→ **PROMPT**: Repeat each record exactly. Any picture gets left out.

→ **Excerpts from a dataset**:
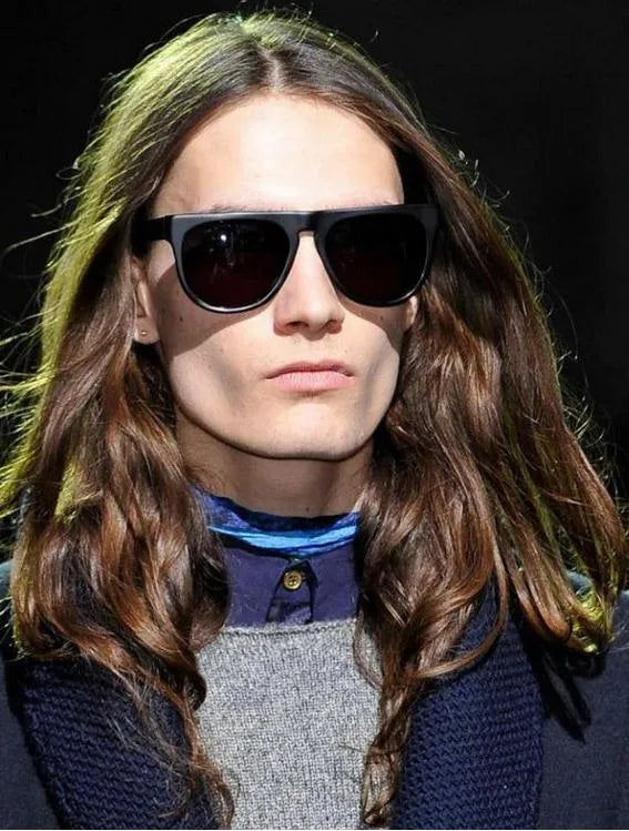 New Arrival Unisex Mens Hairstyle Long Loose Wavy Lace Wig 100% Human Hair 14 Inches
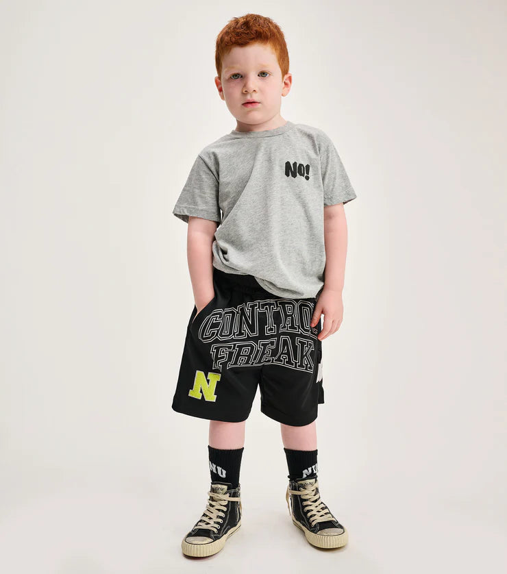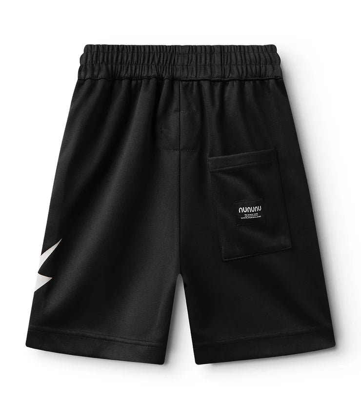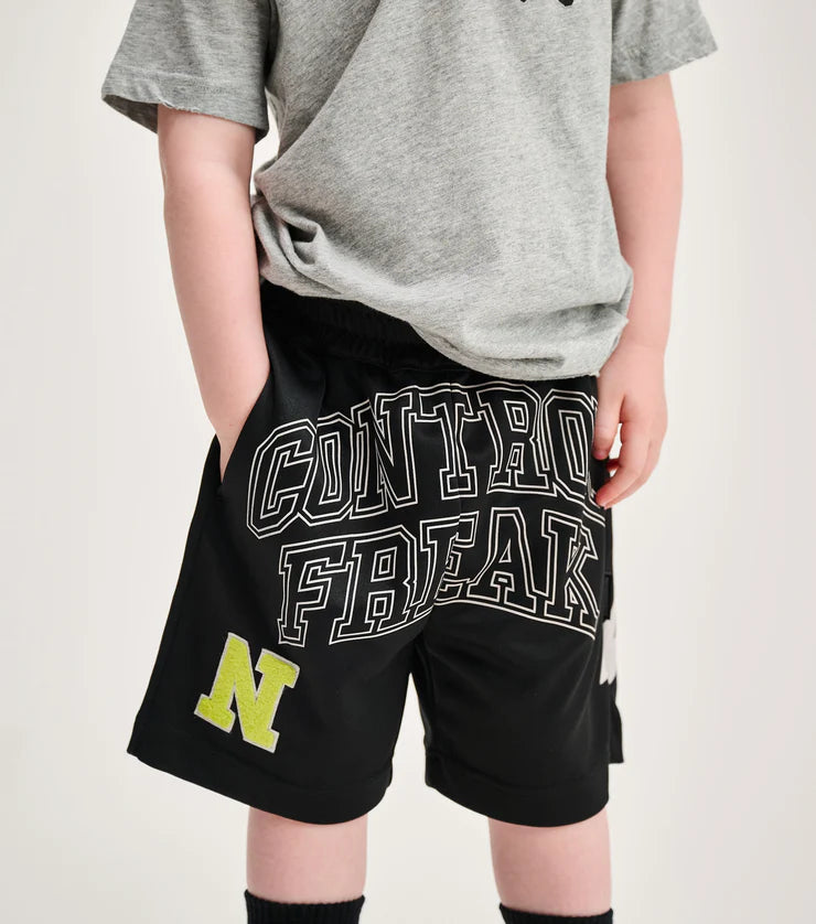 when you're playing to win you need a pair of shorts that are doing the most. these are it. they’re a gender neutral cut made of black active poly with a stretchy waistband for seamlessly moving & winning in any game. they’ve got sleek side pockets plus a pocket on the back with the nununu tag that’s perfect for stashing fan mail. to keep it extra interesting the front features our n patch in a totally touchable towel texture that stands out physically & visually in hot lime outlined in white. it also says control freak really big in a collegiate style font in outlined letters. to top it off, these shorts have a white lightning bolt on the side to let all the other players know that this kid is always ready to strike.
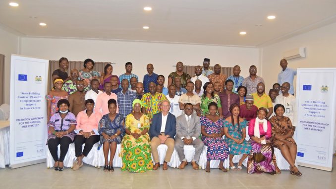 The National Monitoring and Evaluation Directorate (NaMED) in the office of the President in collaboration with the European Union (EU) through its State Building Contract Phase III (SBC) implemented by B&S Europe, held a one-day validation workshop on the National Monitoring and Evaluation Strategy, in Freetown. In attendances were selected MDA’s, Local Councils, donor partners, CSO’s, SLANGO and the media.
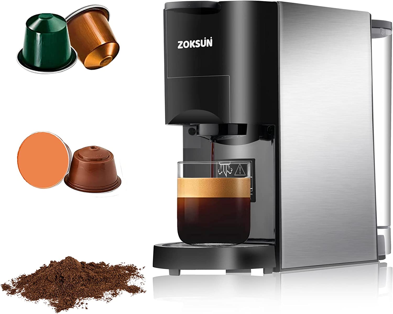 3 in 1 Multi Capsule Espresso Coffee Machine Compatible with Nespresso Original Dolce Gusto and Ground coffee, 19 Bar Espresso Machine for Home with Spoon, 27oz Removable Water Tank, Black
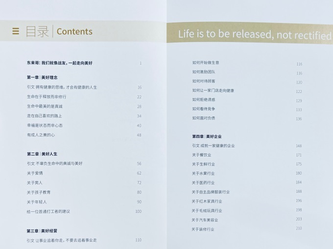該書一共214頁(yè),合計(jì)127000字,分四個(gè)篇章,第一章“美好理念”,第二章“美好人生”,第三章“美好經(jīng)營(yíng)”,第四章“美好企業(yè)”,主要內(nèi)容為近年來(lái)東來(lái)哥在抖音平臺(tái)與網(wǎng)友直播連線中的深度分享,經(jīng)系統(tǒng)梳理、歸納、提煉后整理成冊(cè),分模塊分要點(diǎn)闡述傳播美好的生活理念和科學(xué)的方式方法。

→ **ANSWER BOX**:
 New Arrival Unisex Mens Hairstyle Long Loose Wavy Lace Wig 100% Human Hair 14 Inches
 when you're playing to win you need a pair of shorts that are doing the most. these are it. they’re a gender neutral cut made of black active poly with a stretchy waistband for seamlessly moving & winning in any game. they’ve got sleek side pockets plus a pocket on the back with the nununu tag that’s perfect for stashing fan mail. to keep it extra interesting the front features our n patch in a totally touchable towel texture that stands out physically & visually in hot lime outlined in white. it also says control freak really big in a collegiate style font in outlined letters. to top it off, these shorts have a white lightning bolt on the side to let all the other players know that this kid is always ready to strike.
 The National Monitoring and Evaluation Directorate (NaMED) in the office of the President in collaboration with the European Union (EU) through its State Building Contract Phase III (SBC) implemented by B&S Europe, held a one-day validation workshop on the National Monitoring and Evaluation Strategy, in Freetown. In attendances were selected MDA’s, Local Councils, donor partners, CSO’s, SLANGO and the media.
 3 in 1 Multi Capsule Espresso Coffee Machine Compatible with Nespresso Original Dolce Gusto and Ground coffee, 19 Bar Espresso Machine for Home with Spoon, 27oz Removable Water Tank, Black
該書一共214頁(yè),合計(jì)127000字,分四個(gè)篇章,第一章“美好理念”,第二章“美好人生”,第三章“美好經(jīng)營(yíng)”,第四章“美好企業(yè)”,主要內(nèi)容為近年來(lái)東來(lái)哥在抖音平臺(tái)與網(wǎng)友直播連線中的深度分享,經(jīng)系統(tǒng)梳理、歸納、提煉后整理成冊(cè),分模塊分要點(diǎn)闡述傳播美好的生活理念和科學(xué)的方式方法。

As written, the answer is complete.